Using Docker or Podman

You can run boost-corr using Docker or Podman. Podman is generally a drop-in replacement for Docker.

Build the Image

docker build -t boost_corr .
# OR
podman build -t boost_corr .

Run the Container

You need to mount your data directory to the container. Run the following command (replace paths as needed):

docker run --rm -v /local/data/path:/data boost_corr -t Multitau \
  -r /data/sample.h5 \
  -q /data/qmap.h5 \
  -o /data/outputdir

Podman Notes:

  1. Command: simply replace docker with podman.
  2. Permissions (SELinux): If you are on an SELinux-enabled system (RHEL/CentOS/Fedora), you may need to append :z to the volume mount to allow the container to access the files: -v /local/data/path:/data:z

GPU Support:

  • Docker: Requires NVIDIA Container Toolkit.

    docker run --gpus all ...
    
  • Podman: Requires NVIDIA Container Toolkit (CDI).

    podman run --device nvidia.com/gpu=all --security-opt=label=disable ...
    

Real-world Examples (Podman):

Using CPU (mounting data to /app with SELinux relabeling):

podman run --rm --shm-size=64gb \
  -v /home/beams/MQICHU/Datasets/xpcs_edge_computing_datasets/eiger4m:/app:z \
  boost_corr \
  -r /app/D0131_US-Cup2_a0010_f005000_r00001/D0131_US-Cup2_a0010_f005000_r00001.h5 \
  -q /app/D0131_qmap_with_blemish.hdf \
  -o /app/cluster_results \
  -v

Note --shm-size is needed for large datasets.
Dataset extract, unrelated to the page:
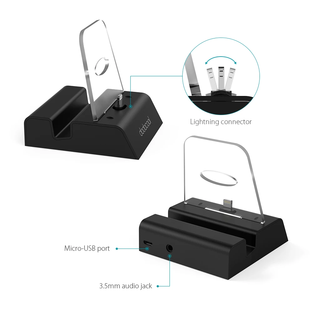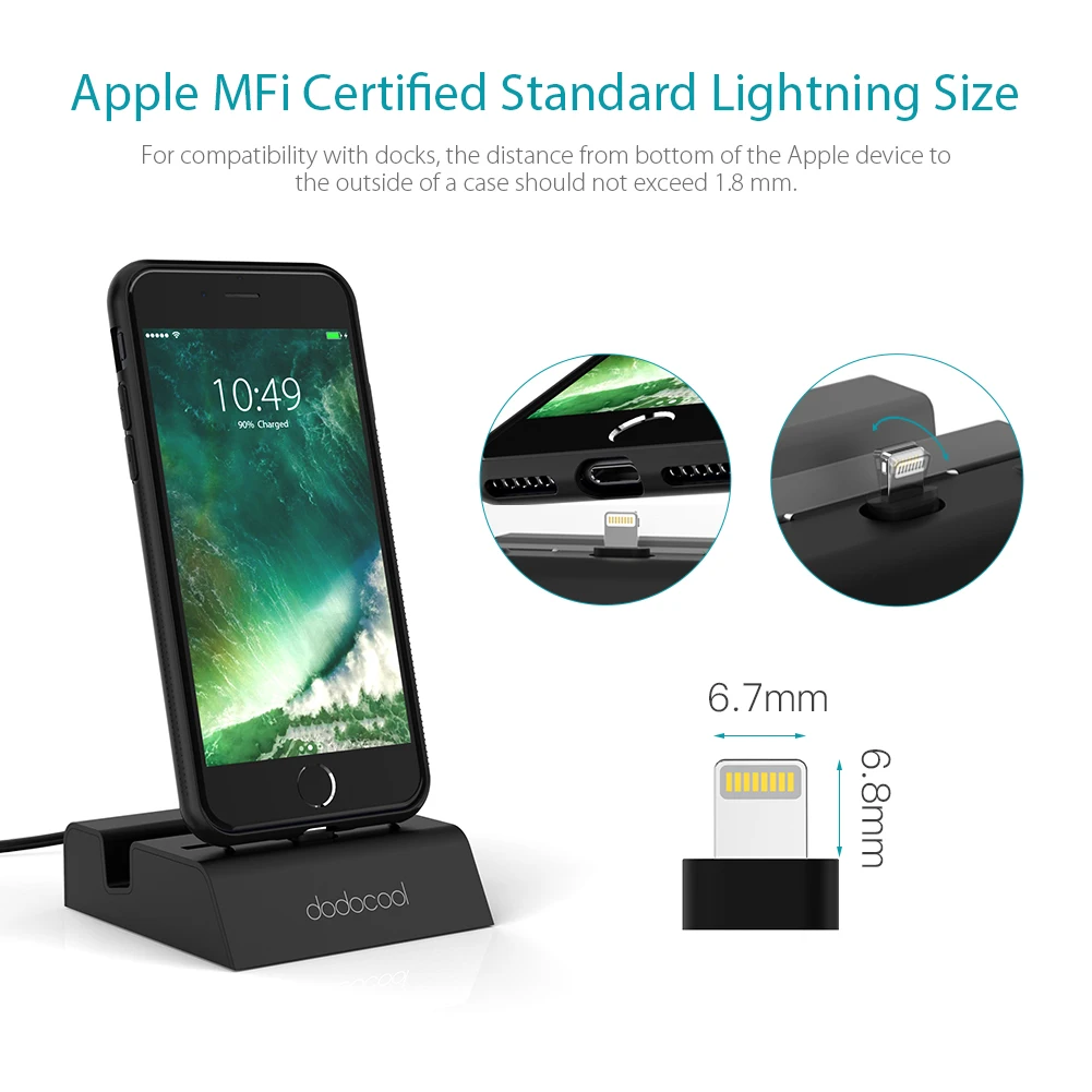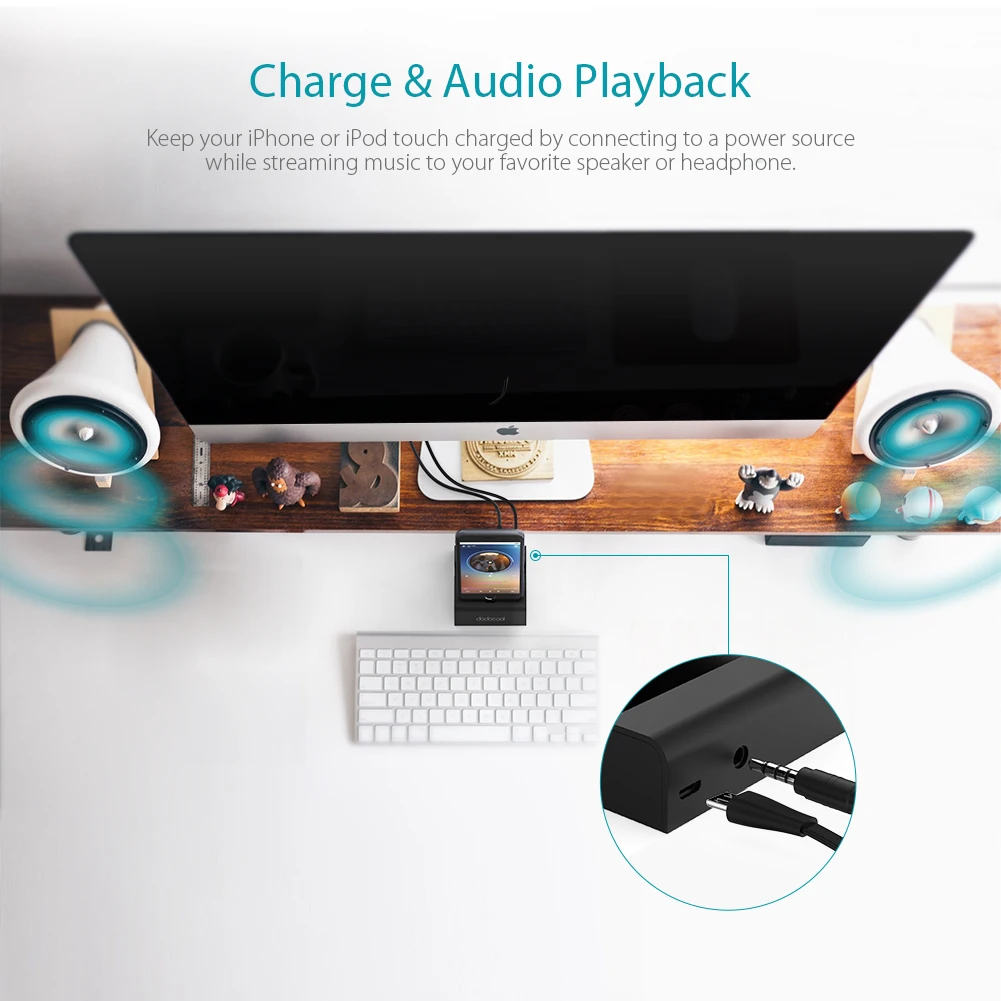 Dodocool MFi сертифицированная док-станция с 3,5 мм аудио разъем позволяет заряжать iPhone или iPod touch, который включает в себя разъем и вашей привычки держать устройство под удобным углом обзора. Во время зарядки вы можете совершать громкие звонки или слушать музыку с наушников или динамиков.

PyTorch’s DataLoader uses shared memory for multi-process data loading, and the default Docker limit (64MB) will cause your container to crash as soon as you start training

Using GPU (mounting data to /app with SELinux relabeling):

podman run --rm --shm-size=64gb --device nvidia.com/gpu=all \
  -v /home/beams/MQICHU/Datasets/xpcs_edge_computing_datasets/eiger4m:/app:z \
  boost_corr \
  -r /app/D0131_US-Cup2_a0010_f005000_r00001/D0131_US-Cup2_a0010_f005000_r00001.h5 \
  -q /app/D0131_qmap_with_blemish.hdf \
  -o /app/cluster_results \
  -v -i 0

Usage

Command-Line Interface

Multi-tau Correlation Example

Using GPU 0, with frame stride of 3 and averaging every 3 frames:

boost_corr -t Multitau -i 0 \
  -r /data/A005_Dragonite_25p_Quiescent_att0_Lq0_001_00001-20000.imm \
  -q /data/qmap/harden201912_qmap_Dragonite_Lq0_S270_D54.h5 \
  -o /output \
  -f 3 -a 3 \
  -v

Two-time Correlation Example

Using CPU with sqmap smoothing, averaging every 3 frames:

boost_corr -t Twotime -i -1 \
  -r /data/A056_Ludox15_att00_L2M_quiescent_001_001.h5 \
  -q /data/qmap/leheny202202_qmap_2M_Test_S360_D60_A009.h5 \
  -o /output \
  -s sqmap \
  -a 3 \
  -d "1-60" \
  -v

Using Custom Metadata File

By default, boost-corr searches for metadata files (*_metadata.hdf) in the raw data directory. You can specify a custom metadata file:

boost_corr -t Multitau -i 0 \
  -r /data/sample_001.h5 \
  -q /data/qmap.h5 \
  -o /output \
  --meta-fname /data/custom_metadata.hdf \
  -v

Using Configuration File

boost_corr -c config.json

Example config.json:

{
  "raw": "/data/sample_001.h5",
  "qmap": "/data/qmap.h5",
  "output": "/results",
  "type": "Multitau",
  "gpu_id": 0,
  "verbose": true
}

Command-Line Options

usage: boost_corr [-h] -r RAW_FILENAME [-q QMAP_FILENAME] [-o OUTPUT_DIR]
                  [-s SMOOTH] [-i GPU_ID] [-nf {0,1}] [-b BEGIN_FRAME]
                  [-e END_FRAME] [-f STRIDE_FRAME] [-a AVG_FRAME] [-t TYPE]
                  [-d DQ_SELECTION] [-v] [-G] [-n] [-np NUM_PARTIAL_G2]
                  [--crop-ratio-threshold CROP_RATIO_THRESHOLD] [-p PREFIX]
                  [-u SUFFIX] [--bin-time-s BIN_TIME_S]
                  [--run-config-path RUN_CONFIG_PATH] [-w] [-c CONFIG_JSON]

Options:
  -h, --help            Show this help message and exit
  -r, --raw             Raw data file (imm/rigaku/hdf) [REQUIRED]
  -q, --qmap            Q-map file (h5/hdf)
  -o, --output          Output directory [default: cluster_results]
  -s, --smooth          Smoothing method for two-time correlation [default: sqmap]
  -i, --gpu-id          GPU selection: -1=CPU, -2=auto, >=0=specific GPU [default: -1]
  -nf, --normalize-frame  Frame normalization: 0=disable, 1=enable [default: 1]
  -b, --begin-frame     Starting frame index (0-based) [default: 0]
  -e, --end-frame       Ending frame index (-1=all frames) [default: -1]
  -f, --stride-frame    Frame stride for processing [default: 1]
  -a, --avg-frame       Number of frames to average [default: 1]
  -t, --type            Analysis type: Multitau, Twotime, or Both [default: Multitau]
  -d, --dq-selection    DQ selection (e.g., "1,2,5-7" or "all") [default: all]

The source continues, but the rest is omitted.